Modern churches today can learn well from always remembering our humble position before God. Church leaders get crazy about the latest church growth trends and boast about their successes. They drink from the fountain of grace yet abuse it by getting arrogant and self-serving. Yet Paul reminds of our humble estate as Gentiles. There is no room for boasting. We are saved by God’s grace. And just like how Jews were made to realize their privileged position ought to prompt them to serve the nations, we as Gentiles should always serve everyone in humble service.

Why humble service? Because we only receive God’s grace by the humble service our the Lord of Covenant our savior Jesus Christ.

Our Reconciliation by Christ

verses 13-18: “But now in Christ Jesus you who once were far off have been brought near by the blood of Christ. For he himself is our peace, who has made us both one and has broken down in his flesh the dividing wall of hostility by abolishing the law of commandments expressed in ordinances, that he might create in himself one new man in place of the two, so making peace, and might reconcile us both to God in one body through the cross, thereby killing the hostility. And he came and preached peace to you who were far off and peace to those who were near. For through him we both have access in one Spirit to the Father.

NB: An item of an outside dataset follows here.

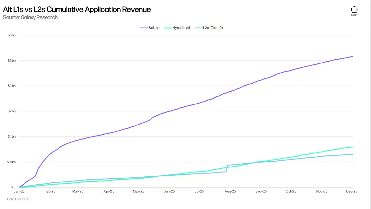 Outcome: This prediction did not materialize. On both network and application layers, Layer 2 performed below major Alt-L1 chains. Solana solidified its position as the de facto retail speculation chain, continuing to capture the largest share of industry-wide transaction volume and fee revenue. Meanwhile, Hyperliquid emerged as the dominant platform for perpetual contract trading, with its platform alone surpassing the total application revenue of the entire Layer 2 ecosystem. Although Base was the only Layer 2 chain that came close to Alt-L1-level appeal—occupying nearly 70% of Layer 2 application revenue in 2025—its growth was not sufficient to surpass the economic gravity of Solana and Hyperliquid.

The Lord of the Covenant is also its Servant. He serves for his people Israel as well those who were considered not his people, the nations. He fulfills the promise God made in Isaiah 49:5-6. It reads:

And now the LORD says, he who formed me from the womb to be his servant, to bring Jacob back to him; and that Israel might be gathered to him— for I am honored in the eyes of the LORD, and my God has become my strength—he says: “It is too light a thing that you should be my servant to raise up the tribes of Jacob and to bring back the preserved of Israel; I will make you as a light for the nations, that my salvation may reach to the end of the earth.”

Jesus is the Christ who serves as a light to nations and brings salvation to the end of the earth. According to Paul, those “who once were far off have been brought near by the blood of Christ” The blood of Christ means his death and his dying at the cross means for us Christ’s atoning work. He paid for the penalty of sin. God’s wrath was poured over him instead of God. He is our peace offering. More so, his sacrifice brought peace between God and man, between Jews and Gentiles.

This is sacrifice temple language. In the Holy temple of Jerusalem, God’s presence lies at the center and for the Jewish people, they cannot enter except for their High priest. Israel gain access to God once for all because Jesus becomes their great high priest who offered himself as a sacrifice for sins. But at the same time, the Gentiles were also brought near to God. These are Gentiles who were also allowed to access outside the temple courts. God in Christ brought near those who were once barred to enter the temple and threatened by death if they insist. In this sense, Christ who is our peace brought the two peoples one. By the doing so, he reconciles the whole mankind to God.


ZCRC(Imus), we are privileged to receive God’s promise of salvation. Christ who is our Lord serves his people in humiliation by becoming a Servant of the Covenant. He brought light to the Gentiles. He brought us near to God by his death at the cross. Let us always remember how God served us and in humility serve as ministers of reconciliation for others. May the Lord continue to bring his saving message to all those whom he saves. Amen.